Every morning before eight, the man would be there, collecting pebbles and drowning them in the river. Jeremiah didn’t know where he appeared from, or at what hour he left, because always, the riverbank was empty by the time his dress shoes met moonlight on his dark walk home.

But on this autumn morning, the sun rose colder. In his grey suit--his darkest one--Jeremiah headed out early, not to his teak desk, but to the airport. He hadn’t seen Uncle Sal in eight years. But by lunchtime, he would hover over him, breathless, his two thick familiar hands across his chest that would be holding only themselves. There were two reasons why Jeremiah would go home. After today, there would be just one.

On his way to the airport, inside the rusted loneliness of the Sullivan station, he heard the morning's first inbound train screeching, stopping. The doors creaked open, two footsteps echoed faintly. Jeremiah raised his eyes, and there he hobbled: the old man with nothing in his hands but time. Suddenly, Jeremiah’s throat burned as he met his pale eyes – their sagging kindness, the two long crow’s feet that ran from them as if he had spent most of his years wincing in pain.

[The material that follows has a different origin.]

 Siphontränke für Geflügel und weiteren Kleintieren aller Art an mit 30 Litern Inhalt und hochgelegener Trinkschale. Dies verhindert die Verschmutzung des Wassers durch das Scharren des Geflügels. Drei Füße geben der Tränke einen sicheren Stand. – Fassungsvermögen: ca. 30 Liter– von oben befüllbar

Pausing, he waited for Jeremiah’s question. But after a long silence, the old man turned towards the stairs that would once again bring him closer to – the rocks. Those beautiful rocks, each one a memory of Mr. Eddy, the man who almost became his father. He, who, for one long season, freed him for hours before the orphanage lights shut off and brought him, a young boy, to the calm banks of the Mystic. Mr. Eddy taught him how rocks were the hard seeds of life and how holding just the right one could turn him smooth. Look, he’d say, picking one up from the shore. Pounded in here is the weight of a thousand stories you can only feel inside your fingers. Go on, now, hold one. It’ll tell you where it’s been. So he took it from his hands, felt the rough grooves of its stories, then asked it silently to lead him home. Once, he picked up a rock, opened his pocket to put it in. But Mr. Eddy put a gentle hand on his shoulder, and with his other pointed somewhere beyond and said: Don't forget to throw it back in the river, son, because the earth only cuts what the waters will heal.

When the next train arrived, Jeremiah stepped inside, alone. And as the doors closed to take him on a journey between two far places, he felt the shape of the question aching in his palms and the longing in the old man’s eyes. There were a quarter million reasons to come back to this place, but now only one would return him to the banks of these waiting waters.

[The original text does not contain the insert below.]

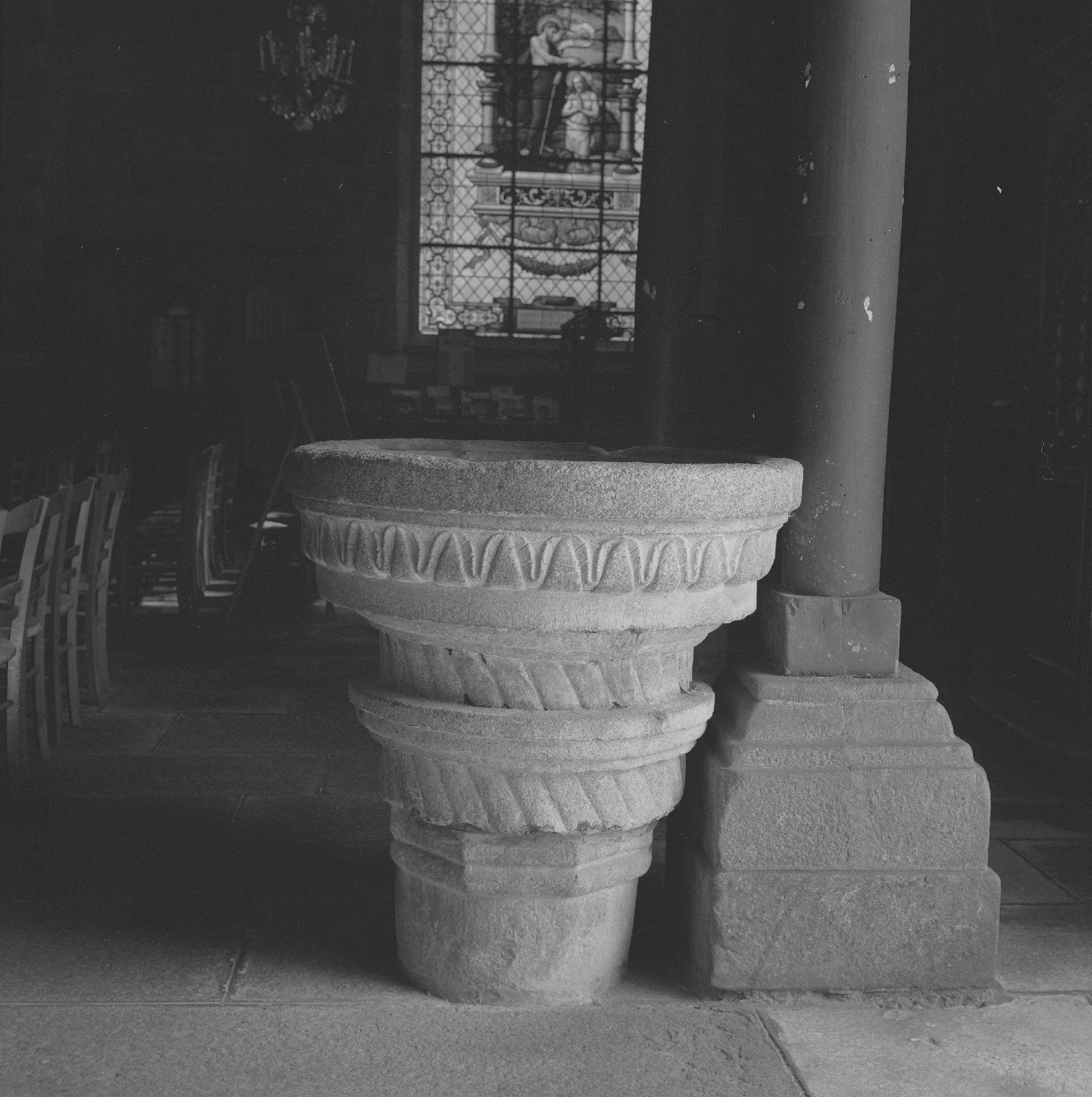 Le bassin est décoré d'une frise de lambrequins et d'un faisceau de godrons elliptiques ceinturé d'une grosse moulure. Le socle est une petite colonne cylindrique surmontée de deux moulures octogonales.

Sunday, September 11, 2011

The Cat and the Paper Girl

There once was a girl made of paper. She wrote all of her tiny dreams inside, then folded herself, over and over, until she looked just like a bird.

A cat strolling by noticed her. He was about to eat her for breakfast when, strangely, something changed his mind. So he began, instead, to unfold her. First by her wings, then by what little was left.

That is when the cat realized that she was not a bird but in fact, a paper girl.

Looking over what covered her inside, the cat stood, puzzled. "Why have you scribbled all over yourself?"

"Because there was no place else for me to write," said the girl.

"Oh, I see," said the cat. But he did not, really.

"And why did you fold yourself into a bird?" asked the cat. "I nearly ate you alive, you know."

"Yes, that is the dream I wrote about here," said the girl quietly, pointing to her heart.

"What!" cried the cat. "To be eaten?"

"No," she whispered. "To be noticed."

From then on, the cat never ate another bird, because they reminded him too much of the paper girl who risked her life dreaming to be noticed.